Building and installing the goby-2.1.1-cpp Library

The goby-2.1.1-cpp.zip file is included in distribution and is required to build aligners that have native Goby file format support. To build this library, use the following steps:

Unpack the library tar file

  • cd ~
  • unzip goby-2.1.1-cpp.zip
  • cd goby_2.1.1/cpp

Follow the instructions found in ~/goby_2.1.1/cpp/README.txt

Please note that we may have released a more recent version of Goby than 2.1.1 at the time you are installing.
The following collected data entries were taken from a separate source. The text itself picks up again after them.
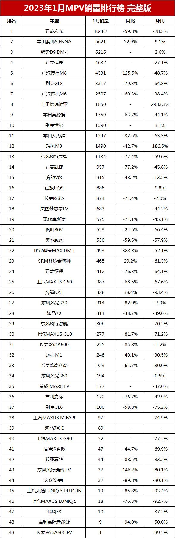 182 次2022年1月國產MPV銷量中大型車排行榜完整版名單
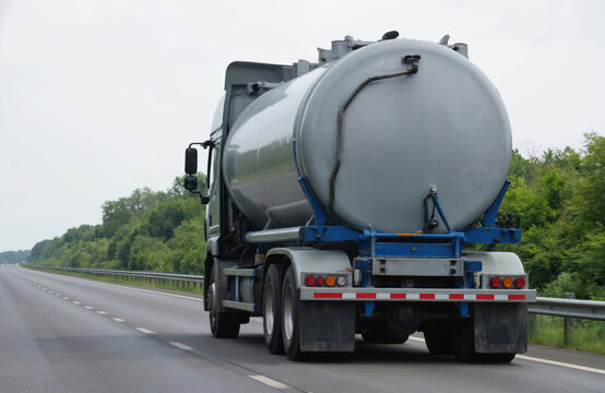 Isothermal Tank truck driving on highway. Oil and Gas Transportation and Logistics. Metal chrome cistern tanker with petrochemicals products. Liquid Chemical Freight
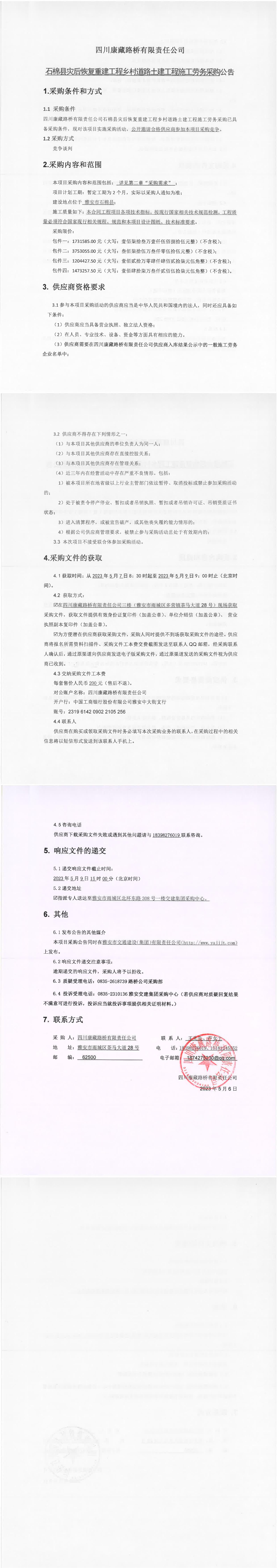 四川康藏路橋有限責(zé)任公司石棉縣災(zāi)后恢復(fù)重建工程鄉(xiāng)村道路土建工程施工勞務(wù)采購公告
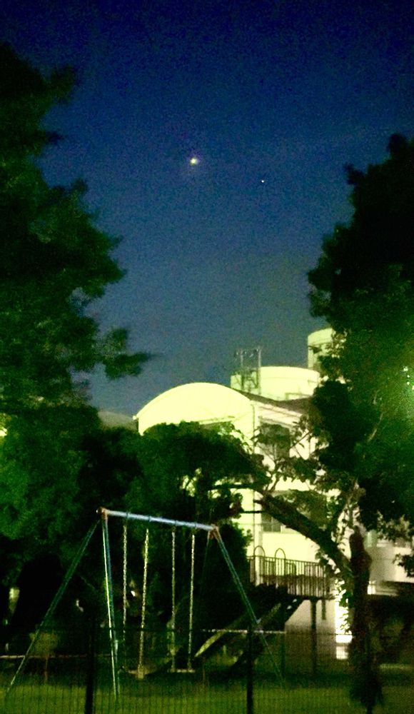 📝9月15日早朝🕟4時半過ぎ、直ぐ近く約50m付近にある小さな公園の一角に聳え立つ大きな🌲楠木と楠木🌲の間から、北東の天高くに観られる✨明けの明星;金星:Venusを写したものデス🐶
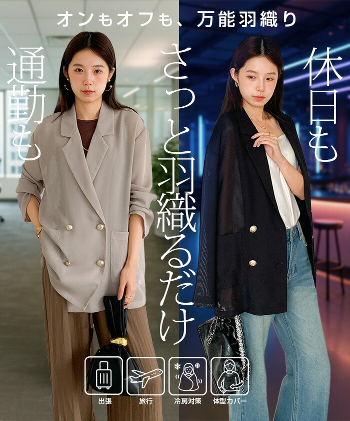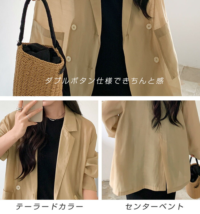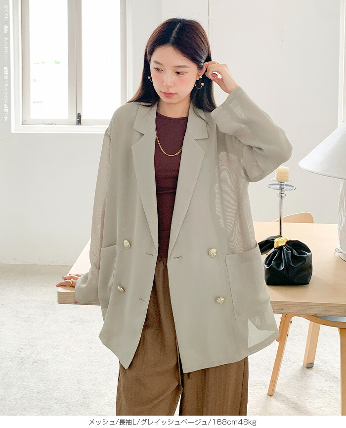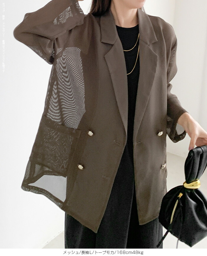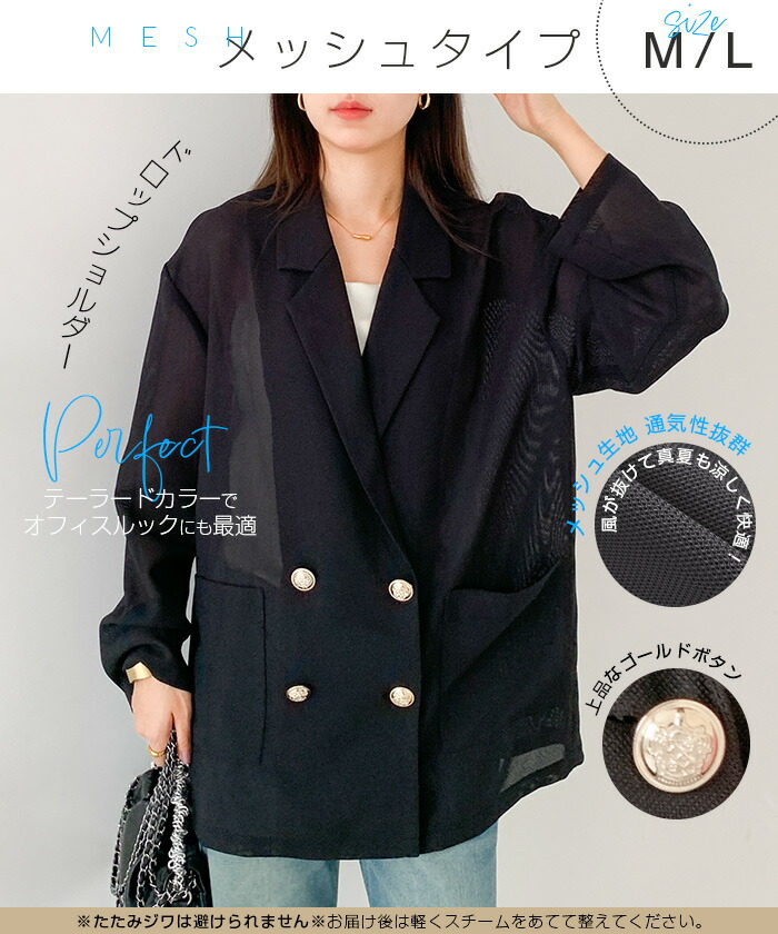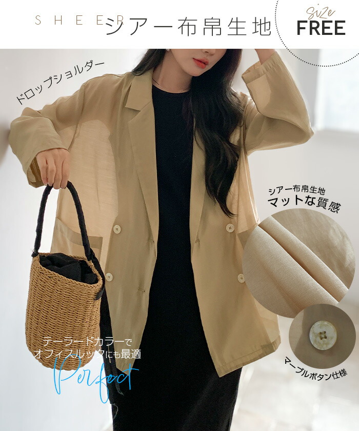 【期間限定:5,830円→2,990円!】 ジャケット レディース 夏 薄手 テーラード ビッグサイズ シアー メッシュ 透け感 大きいサイズ 羽織り 30代 通勤 オフィスカジュアル 涼しい 冷房対策 旅行 出張 ダブルボタン ゆったり 【シアージャケット】

We do recommend that you start by downloading goby_2.1.1 because this version has been well tested with GobyWeb 1.9.1. Once you have determined that the installation works well, you can try the latest release of Goby.

Configuring R

This installation guide assumes you already have R installed on the cluster nodes. GobyWeb requires some additional R packages and configuration. Add the following variables to ~gobyweb/.bash_profile (these assume you are running an R 2.12 version)

export R_HOME=`R RHOME | /bin/grep --invert-match WARNING`
export R_LIB1=${R_HOME}/lib
export R_LIB2=${HOME}/R/x86_64-unknown-linux-gnu-library/2.12/rJava/jri
export LD_LIBRARY_PATH=${LD_LIBRARY_PATH}:${R_LIB1}:${R_LIB2}

You will logout then login again for these environment variables to take effect.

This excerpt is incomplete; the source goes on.